Data excerpts:
#####

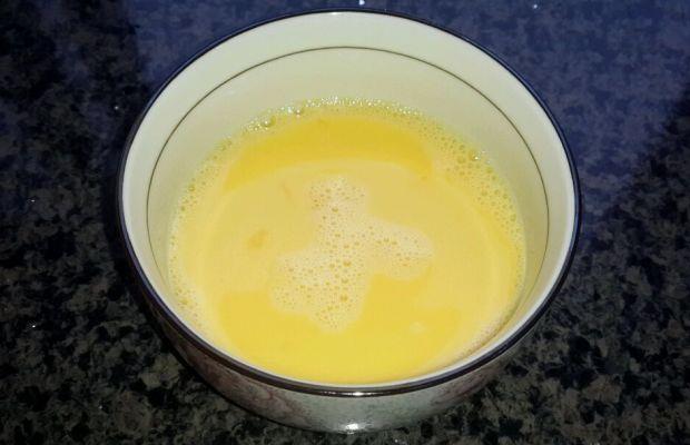 第一步:我用的是2个鸡蛋,将鸡蛋打入碗里打散,一定要打得很散哦。
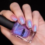 SOFT PINK SHIMMER NAIL POLISH – An unparalleled combination, Flower Child’s glowing blue shimmer contrasts beautifully against the soft pink to create a striking, luminous flair with a playful allure reminiscent of cotton candy. A delicate ratio of holographic flakes blossoms in sunlight to create a mesmerizing effect that dances with the light, offering a captivating finish at every angle.
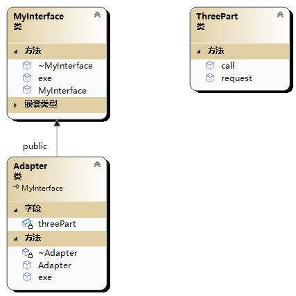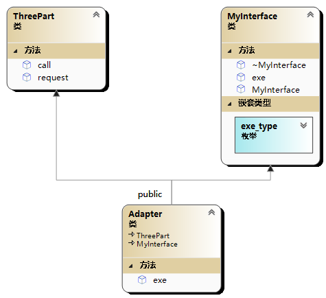 class Adapter:public ThreePart,public MyInterface {
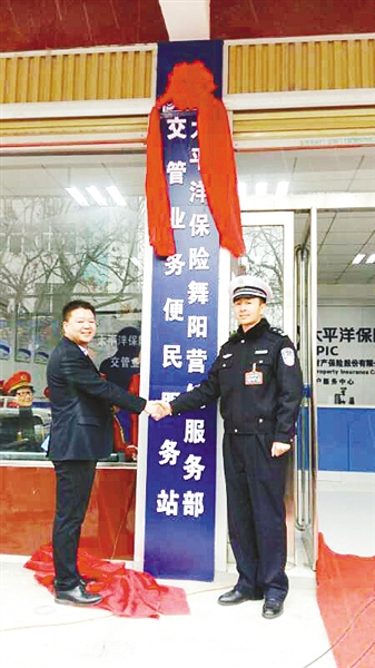 本报讯(记者 孙永辉)日前,中国太平洋财产保险股份有限公司漯河中心支公司分别在临颍、舞阳设立的交管业务便民服务站同时启用。
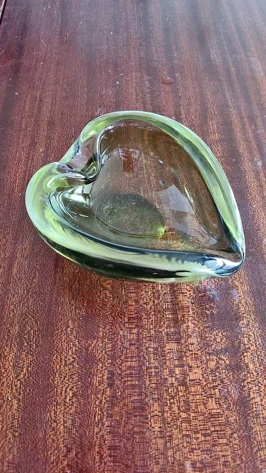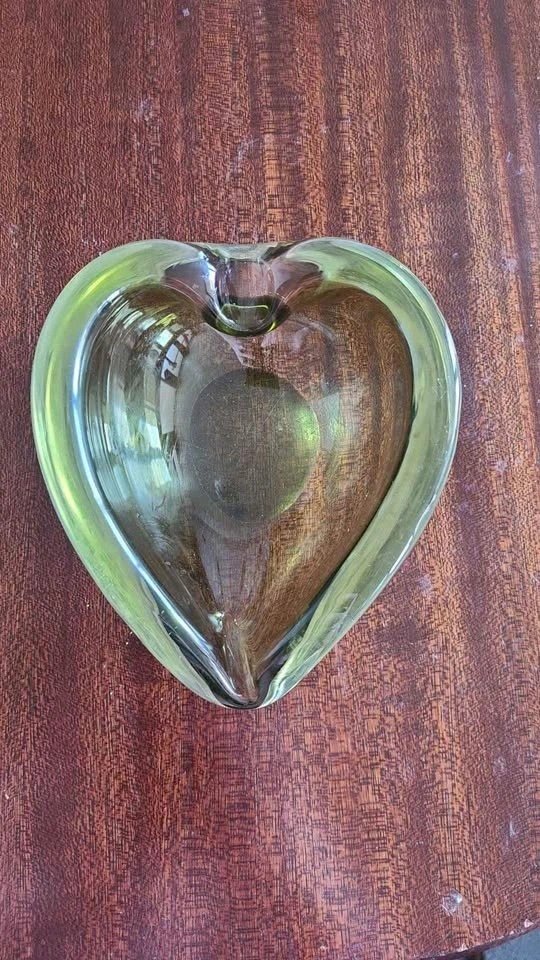 Beautiful hand blown Leaf Shaped heavy transparent Dark Green Murano Glass. Length 5 1/4". Excellent vintage condition. Some light scratches consistent with age and use. Please view all the pictures and contact me with any questions.
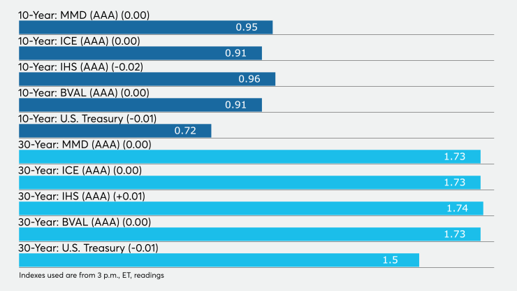 The BVAL AAA curve showed the yield on the 2021 maturity unchanged at 0.11%, the 2022 maturity unchanged at 0.13%, the 10-year flat at 0.91% and the 30-year steady at 1.71%.
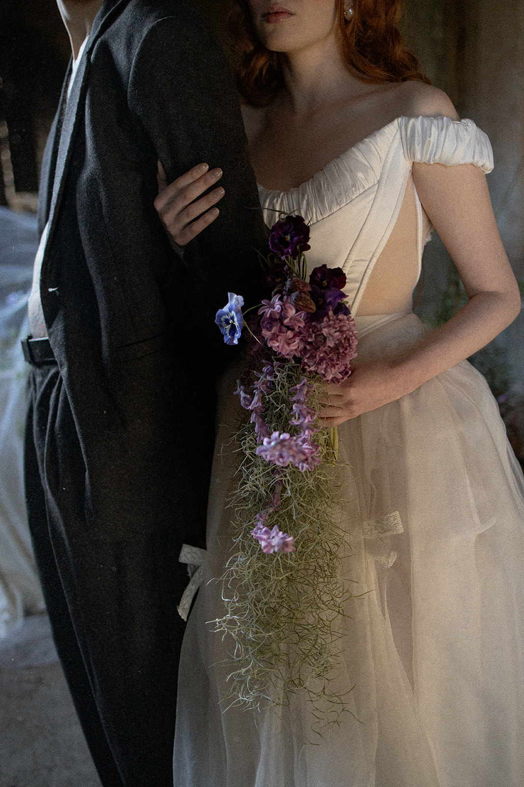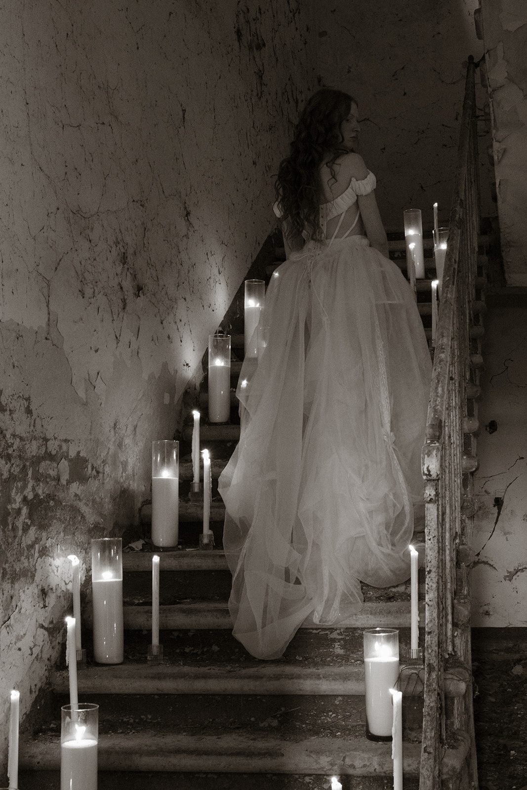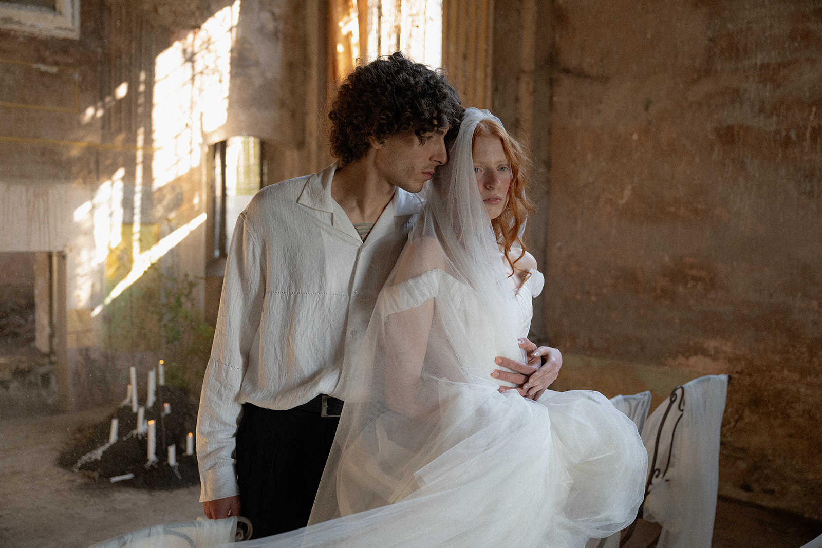Installé dans un bâtiment à l’abandon, le lieu dépasse le simple rôle de décor pour devenir un véritable personnage. Les matières brutes, les lignes et les volumes laissés vides semblent chargés de souvenirs, baignés d’une mélancolie. Dans cet environnement austère, la douceur s’invite par touches : des pensées délicates et des superpositions de tulle apportent une poésie fragile, presque fugace, comme les premiers élans d’un amour encore vulnérable.
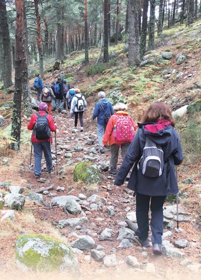 在西班牙瓜達(dá)拉馬國(guó)家公園徒步游覽的游客。
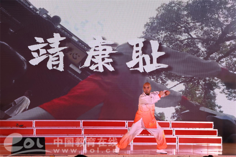 中国体育非物质文化遗产的传承人张老师在舞台上精神饱满,意气风发,身姿矫健,用精彩的武术表演赢得全场观众的喝彩。
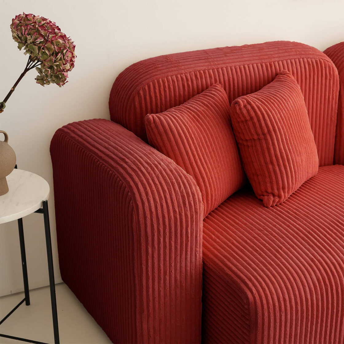 Yenilikçi yuvarlak hatlı tasarımıyla CUBO Modüler Köşe Koltuk. Pet ailelerin de bayılacağı kalın fitilli yeni nesil kumaş hem sizi sarmalayacak kadar yumuşak hem de pet-friendly. Sık dokuma bu yeni nesil kumaş dokusuyla kadifeyi anımsatsa da bildiğiniz kadife kumaşlar gibi terletme ve parlama yapmaz. Nemli bir bezle kolaylıkla temizlenebilir.
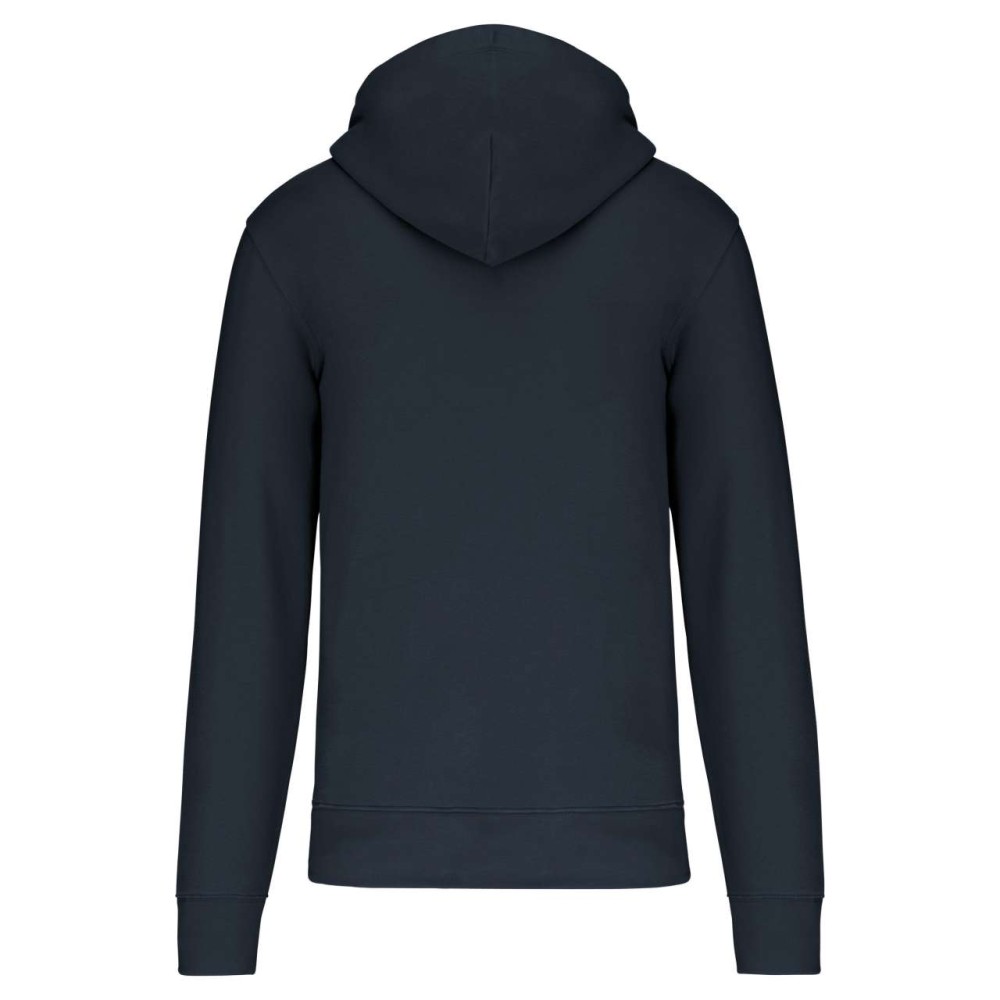85% organikus pamut, 15% újrahasznosított poliészter. Alacsony zsugorodású anyag, 3-szálas szálcsiszolt pamut. Fésűs pamut, enzimmel mosott, egyenes szabású. 1x1-es bordás nyakpasszé. Kenguruzseb, 180 g-os 10% pamutbélésű kapucni. Színben illeszkedő dzsörzé nyakrész és félhold alakú eldolgozás a nyakrész belsejénél. Duplaöltéses szegés a nyakrészen, ahol nincs márkajelzés, csak méretjelölés a könnyebb egyediesítés érdekében. Emblémázás: Hímzés, Szitanyomás
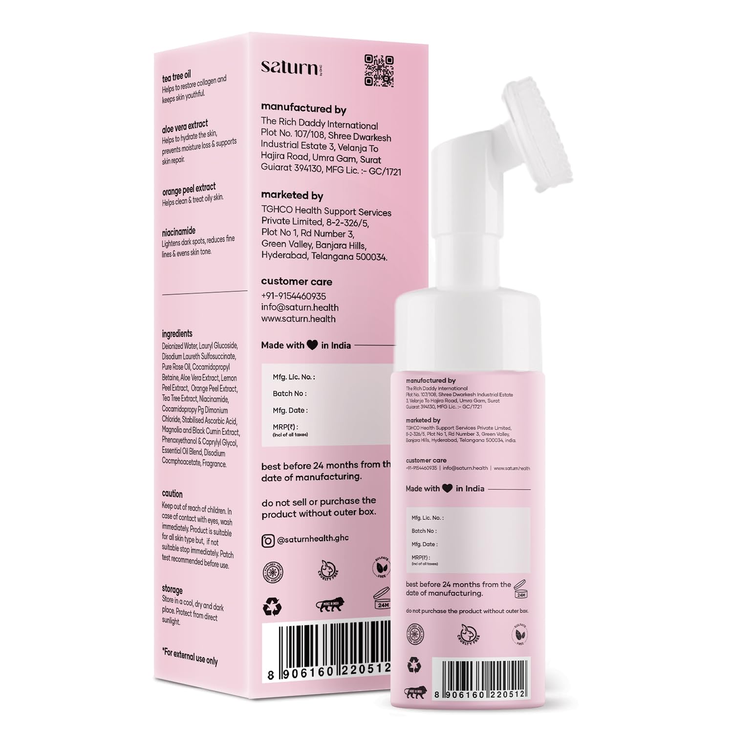 - Direction: Take a small amount of saturn foaming face wash on your palm, rub your palms with the face wash to obtain a rich lather, gently massage onto your face, rinse off thoroughly & use twice daily for better results.
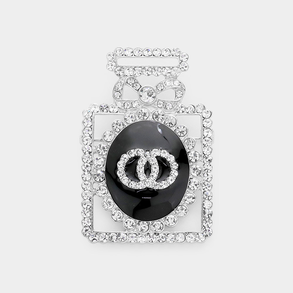 Double Open Circle Link Stone Embellished Perfume Pin Brooch
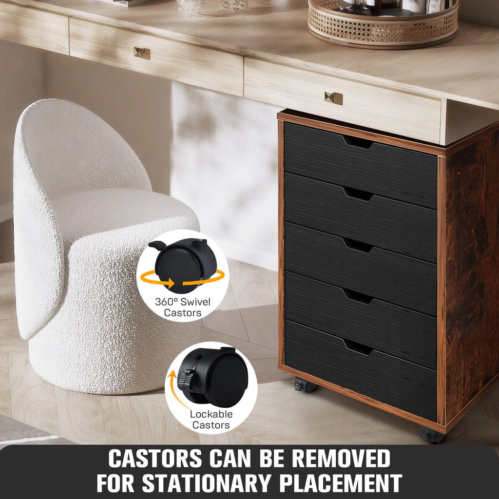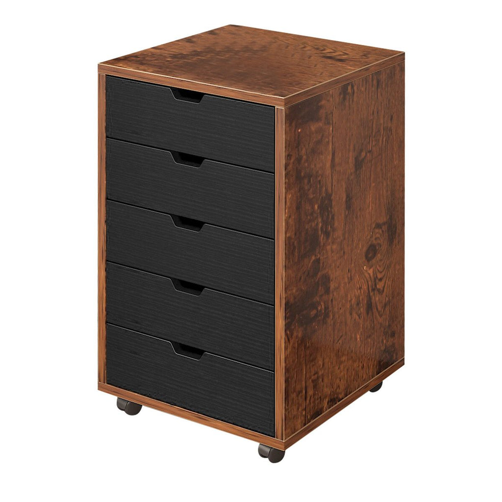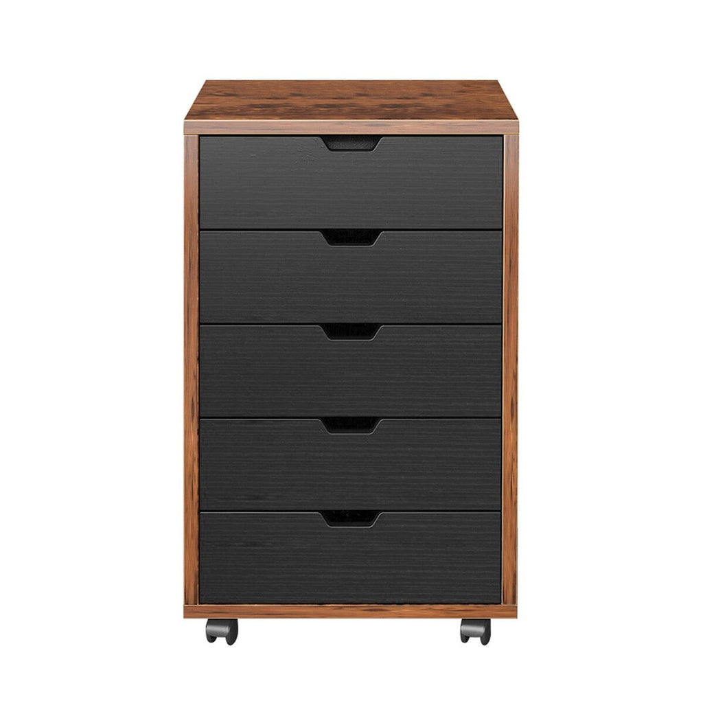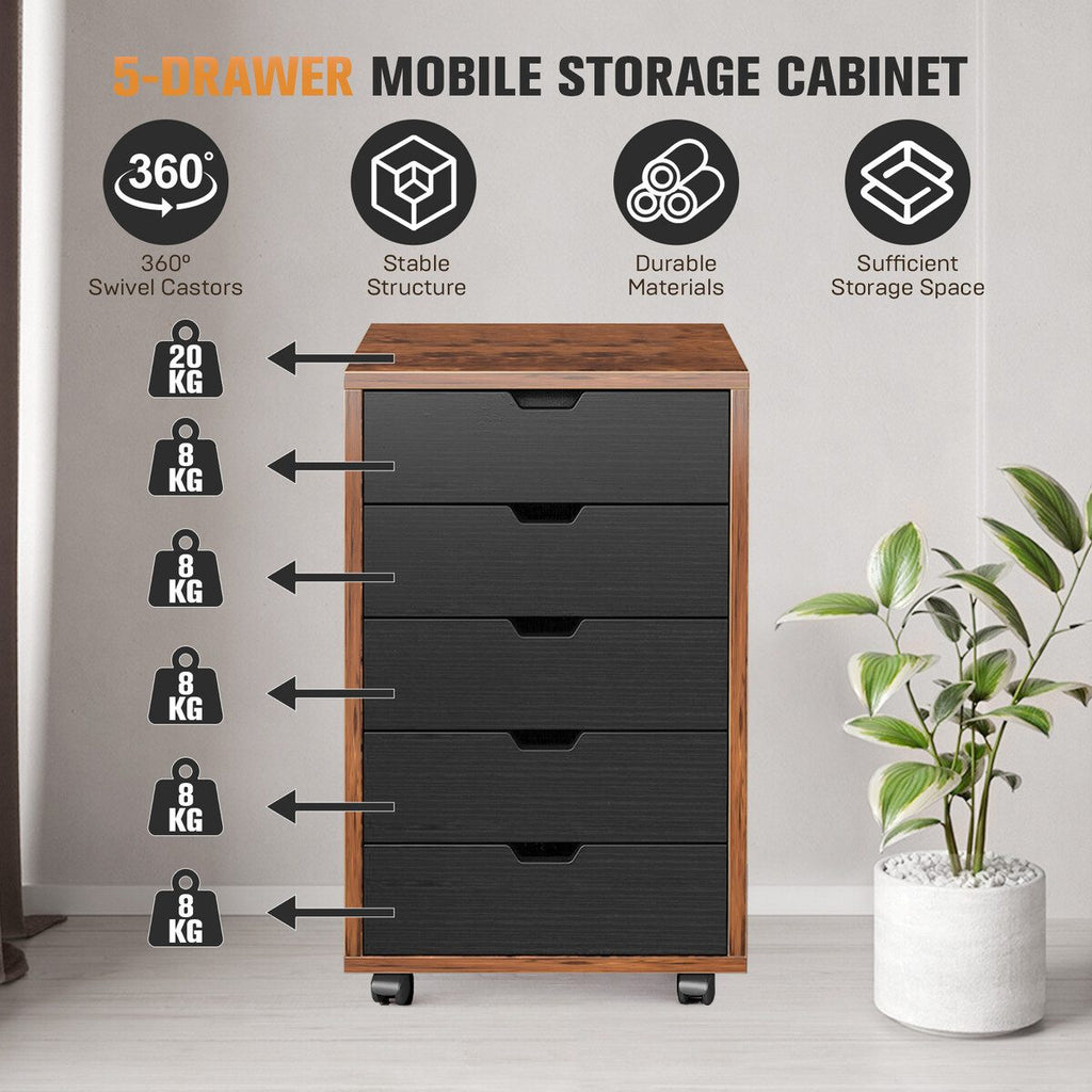 5 Drawer File Cabinet Mobile Filing Document Organiser Chest Cupboard Brown

#####

DESCRIPTION OF THE TASK: Output every line of the records above unchanged, and keep the pictures out.

SOLUTION TO THIS TASK:
 第一步:我用的是2个鸡蛋,将鸡蛋打入碗里打散,一定要打得很散哦。
 SOFT PINK SHIMMER NAIL POLISH – An unparalleled combination, Flower Child’s glowing blue shimmer contrasts beautifully against the soft pink to create a striking, luminous flair with a playful allure reminiscent of cotton candy. A delicate ratio of holographic flakes blossoms in sunlight to create a mesmerizing effect that dances with the light, offering a captivating finish at every angle.
 class Adapter:public ThreePart,public MyInterface {
 本报讯(记者 孙永辉)日前,中国太平洋财产保险股份有限公司漯河中心支公司分别在临颍、舞阳设立的交管业务便民服务站同时启用。
 Beautiful hand blown Leaf Shaped heavy transparent Dark Green Murano Glass. Length 5 1/4". Excellent vintage condition. Some light scratches consistent with age and use. Please view all the pictures and contact me with any questions.
 The BVAL AAA curve showed the yield on the 2021 maturity unchanged at 0.11%, the 2022 maturity unchanged at 0.13%, the 10-year flat at 0.91% and the 30-year steady at 1.71%.
Installé dans un bâtiment à l’abandon, le lieu dépasse le simple rôle de décor pour devenir un véritable personnage. Les matières brutes, les lignes et les volumes laissés vides semblent chargés de souvenirs, baignés d’une mélancolie. Dans cet environnement austère, la douceur s’invite par touches : des pensées délicates et des superpositions de tulle apportent une poésie fragile, presque fugace, comme les premiers élans d’un amour encore vulnérable.
 在西班牙瓜達(dá)拉馬國(guó)家公園徒步游覽的游客。
 中国体育非物质文化遗产的传承人张老师在舞台上精神饱满,意气风发,身姿矫健,用精彩的武术表演赢得全场观众的喝彩。
 Yenilikçi yuvarlak hatlı tasarımıyla CUBO Modüler Köşe Koltuk. Pet ailelerin de bayılacağı kalın fitilli yeni nesil kumaş hem sizi sarmalayacak kadar yumuşak hem de pet-friendly. Sık dokuma bu yeni nesil kumaş dokusuyla kadifeyi anımsatsa da bildiğiniz kadife kumaşlar gibi terletme ve parlama yapmaz. Nemli bir bezle kolaylıkla temizlenebilir.
85% organikus pamut, 15% újrahasznosított poliészter. Alacsony zsugorodású anyag, 3-szálas szálcsiszolt pamut. Fésűs pamut, enzimmel mosott, egyenes szabású. 1x1-es bordás nyakpasszé. Kenguruzseb, 180 g-os 10% pamutbélésű kapucni. Színben illeszkedő dzsörzé nyakrész és félhold alakú eldolgozás a nyakrész belsejénél. Duplaöltéses szegés a nyakrészen, ahol nincs márkajelzés, csak méretjelölés a könnyebb egyediesítés érdekében. Emblémázás: Hímzés, Szitanyomás
 - Direction: Take a small amount of saturn foaming face wash on your palm, rub your palms with the face wash to obtain a rich lather, gently massage onto your face, rinse off thoroughly & use twice daily for better results.
 Double Open Circle Link Stone Embellished Perfume Pin Brooch
 5 Drawer File Cabinet Mobile Filing Document Organiser Chest Cupboard Brown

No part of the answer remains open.